Intentional me journaled our trip to Italy so I could blog
about it later. It’s now later and I don’t
have a blog in me. Must have something
to do with leaving on a jet plane for Seattle in less than 24 hours. Unhurried me should be packing. So here's my blog in images.
Twelve hours in our car from Luxembourg brought us here:
An 18th Century Stone House Near Todi
And pssst. It was
even better than the photos. The property
was described like this: “For those looking for a peaceful environment, our
house in Morruzze could not be more ideally located.” Yes, and yes! Did you catch that value? $135 a night for an authentic Italian experience, but with all the comforts you need.
Morruzze, a town of 30 people where the speed limit is 30kph.
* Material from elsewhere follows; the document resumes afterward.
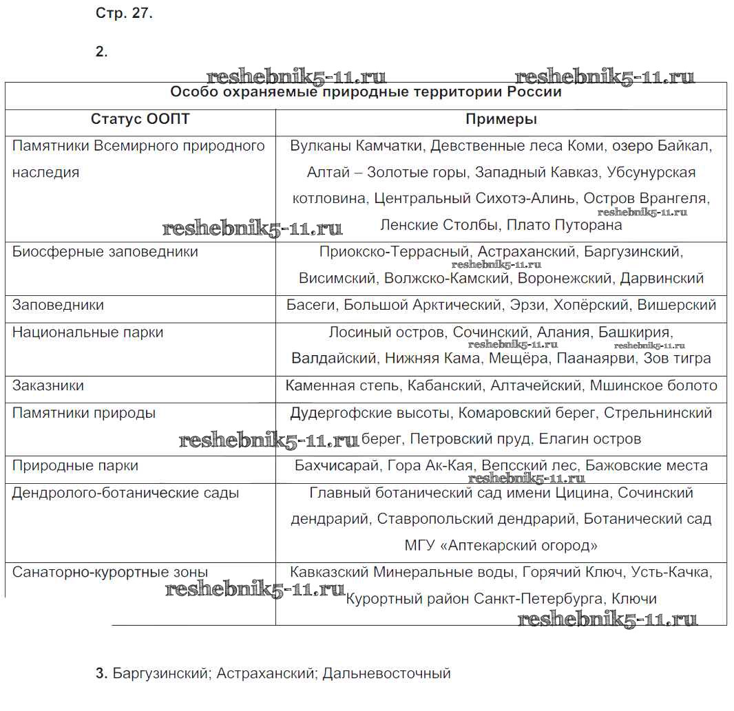 Готовая домашняя работа с ответами по Географии за 8 класс Пятунин, Таможняя Рабочая тетрадь Алгоритм успеха Часть 1, 2 Вентана-граф 2017 ФГОС - Часть 1. Страницы 27

Where my boys spent the mornings doing cycling time trials out from the house on a 5km circuit they scoped out. A circuit along peaceful country roads.
And where I spent the mornings sitting in the garden reading and journaling and drinking coffee made properly in an Italian stovetop espresso maker, and later (stupidly) running those peaceful country roads in the heat of the day.
Where the boys spent most afternoons on long bike rides cycling from town to town, climbing impressive hills and (safely) cruising down two lane windy roads.
And where Lawton and I would wait as their support car/cheering squad/speed police.
Where we swam in a I-can't-believe-this-is-here Infiniti pool in the middle of the a chestnut forest.
Swim caps required (but apparently not an awake lifeguard), where Lawton (always sweet Lawton) made friends with some local Italian kids over a ball.
Where my boys played hours of board games. Mostly the same board game because we Ballbachs like to game binge.
And because of the peaceful environment, where we rediscovered old school games like Wall Ball and family evening games of Kick the Can in the piazza. A piazza with a braying donkey and where Lawton would go on a search for Cutie, the stray kitten.
Where Mario, our Italian caretaker who reminded me of my Poppop (all elderly Italian men do!), stopped by daily to check in on us and chat for awhile. A 100% Italian chat, mostly understood through hand gestures and kisses. Mario also delivered special treats. Homemade pastries, fresh figs, and some tartufo (black truffles) his truffle hunting dog found one morning.
And where I experimented cooking with delivered tartufo for the first time
and a few other things from “An Appetite for Umbria” cookbook that I found in the house library. Here's looking at my version of a very mediocre Panzanella Bread Salad, made good with an incredible olive oil.
Where mostly we ate out because it's Italy! The seasonal food in nearby family owned and operated restaurants was delicious and not expensive. The first few nights we unnecessarily made reservations and then just started showing up. Most family meals, including a bottle of Umbrian vino, came to about 70 euros.
Where we ate a lot of pizza, but also seasonal treats like tartufo and zucchini blossoms.
Where Brett ditched his plane ticket home for the week, choosing instead to work ten hours a day with this Umbrian landscape as his view. This view combined with the scarce Internet cafes I would drive him to and drop him off for the day.
Where Brett pulled off the surprise (about staying to work) with the boys when we "found" him working at Charlie. Naturally we stayed for more pizza.
Where I took the boys on a day trip to Anglo-Saxon beloved Todi to look around and dine, after days of wandering/cycling through all the truly untouristed double "z" towns of Melezzole, Morre, Civitella del Lago, Montecchio, Aqualoreto, and Izzalini.
And where I snuck away to enjoy a private 1:1 Olive Oil tasting at Frantoio Bartolomei while the boys opted to stay back home and play the same board game.
And where on Saturday, after Brett was done with his work week, we all braved the 95 degree heat and took the train to Rome for the day.
We were looking for a peaceful environment to explore Italy. And we found it.
Umbria, the green heart of Italy, how beautiful you are.